__Extracted information__

■ ■ ■

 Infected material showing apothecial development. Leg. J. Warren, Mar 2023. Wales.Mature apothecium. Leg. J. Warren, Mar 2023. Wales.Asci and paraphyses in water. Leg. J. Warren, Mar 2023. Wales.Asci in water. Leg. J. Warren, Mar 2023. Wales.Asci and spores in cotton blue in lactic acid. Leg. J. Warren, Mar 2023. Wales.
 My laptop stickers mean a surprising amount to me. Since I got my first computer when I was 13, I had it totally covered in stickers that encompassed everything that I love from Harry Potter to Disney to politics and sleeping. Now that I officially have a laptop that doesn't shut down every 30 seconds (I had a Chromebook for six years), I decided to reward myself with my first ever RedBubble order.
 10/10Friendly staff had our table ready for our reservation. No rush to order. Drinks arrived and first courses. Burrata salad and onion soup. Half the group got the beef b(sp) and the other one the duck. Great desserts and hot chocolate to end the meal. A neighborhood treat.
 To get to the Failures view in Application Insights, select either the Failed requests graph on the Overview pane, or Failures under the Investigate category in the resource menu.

■ ■ ■

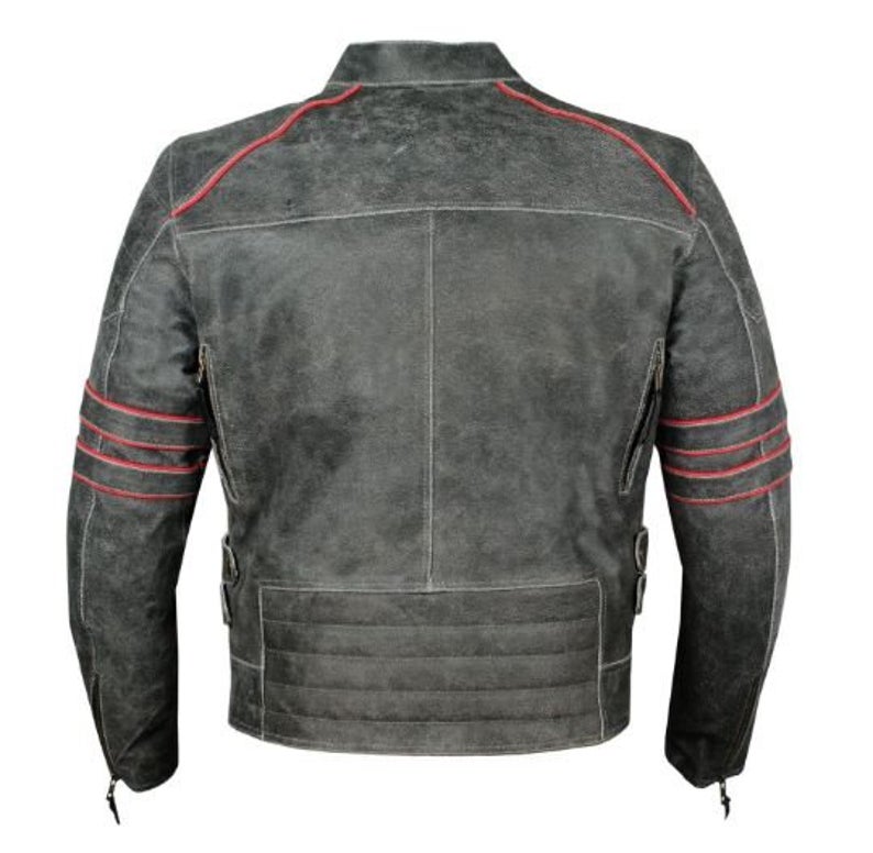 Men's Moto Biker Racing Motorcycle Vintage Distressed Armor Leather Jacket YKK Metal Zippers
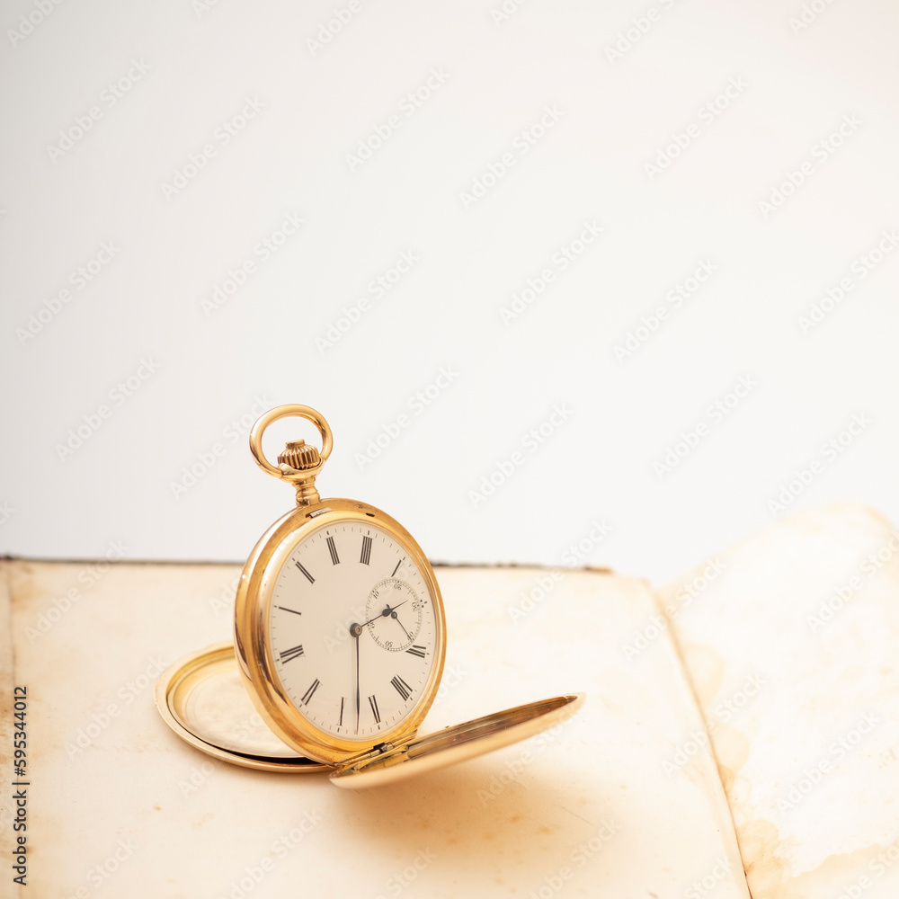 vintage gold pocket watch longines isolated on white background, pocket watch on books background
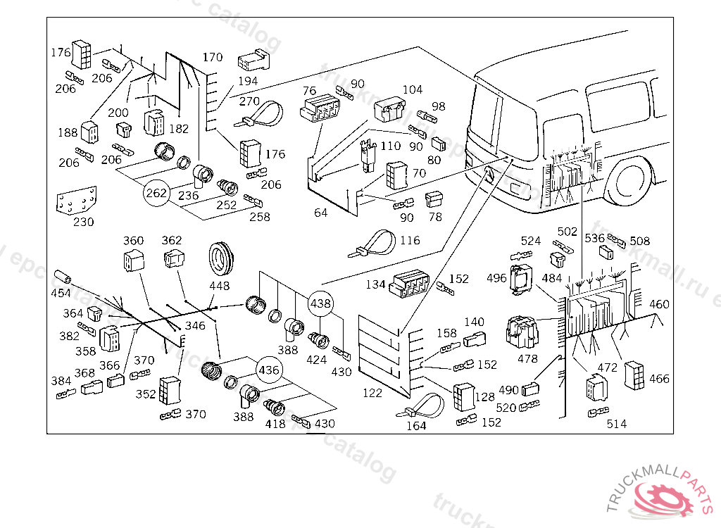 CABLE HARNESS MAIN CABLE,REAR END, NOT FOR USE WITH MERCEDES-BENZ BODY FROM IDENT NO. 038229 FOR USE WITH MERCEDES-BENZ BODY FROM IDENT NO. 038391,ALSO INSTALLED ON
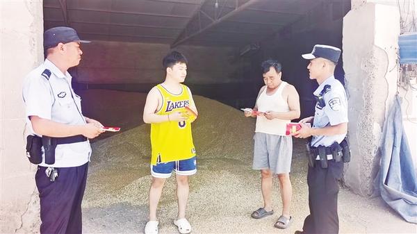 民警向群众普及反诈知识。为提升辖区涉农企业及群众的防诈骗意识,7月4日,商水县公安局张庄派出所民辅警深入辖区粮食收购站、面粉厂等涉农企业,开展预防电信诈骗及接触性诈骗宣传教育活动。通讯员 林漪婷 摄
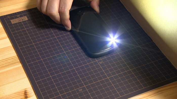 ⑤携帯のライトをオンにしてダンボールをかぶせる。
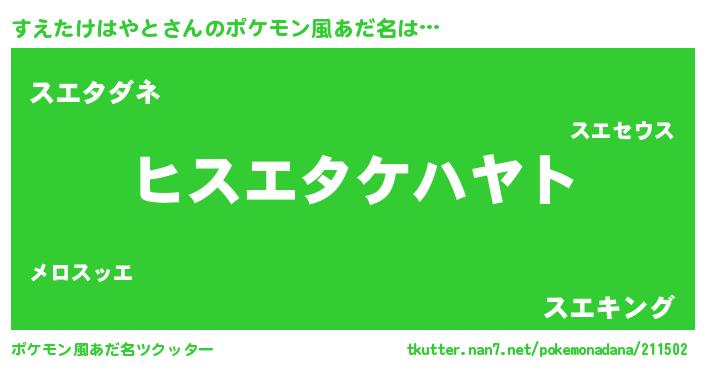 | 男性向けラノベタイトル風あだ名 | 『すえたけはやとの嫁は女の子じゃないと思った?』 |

■ ■ ■

__Exercise objective__
Look through the data above. Copy every line with the string "order" in it.

__Result of this task__
 My laptop stickers mean a surprising amount to me. Since I got my first computer when I was 13, I had it totally covered in stickers that encompassed everything that I love from Harry Potter to Disney to politics and sleeping. Now that I officially have a laptop that doesn't shut down every 30 seconds (I had a Chromebook for six years), I decided to reward myself with my first ever RedBubble order.
 10/10Friendly staff had our table ready for our reservation. No rush to order. Drinks arrived and first courses. Burrata salad and onion soup. Half the group got the beef b(sp) and the other one the duck. Great desserts and hot chocolate to end the meal. A neighborhood treat.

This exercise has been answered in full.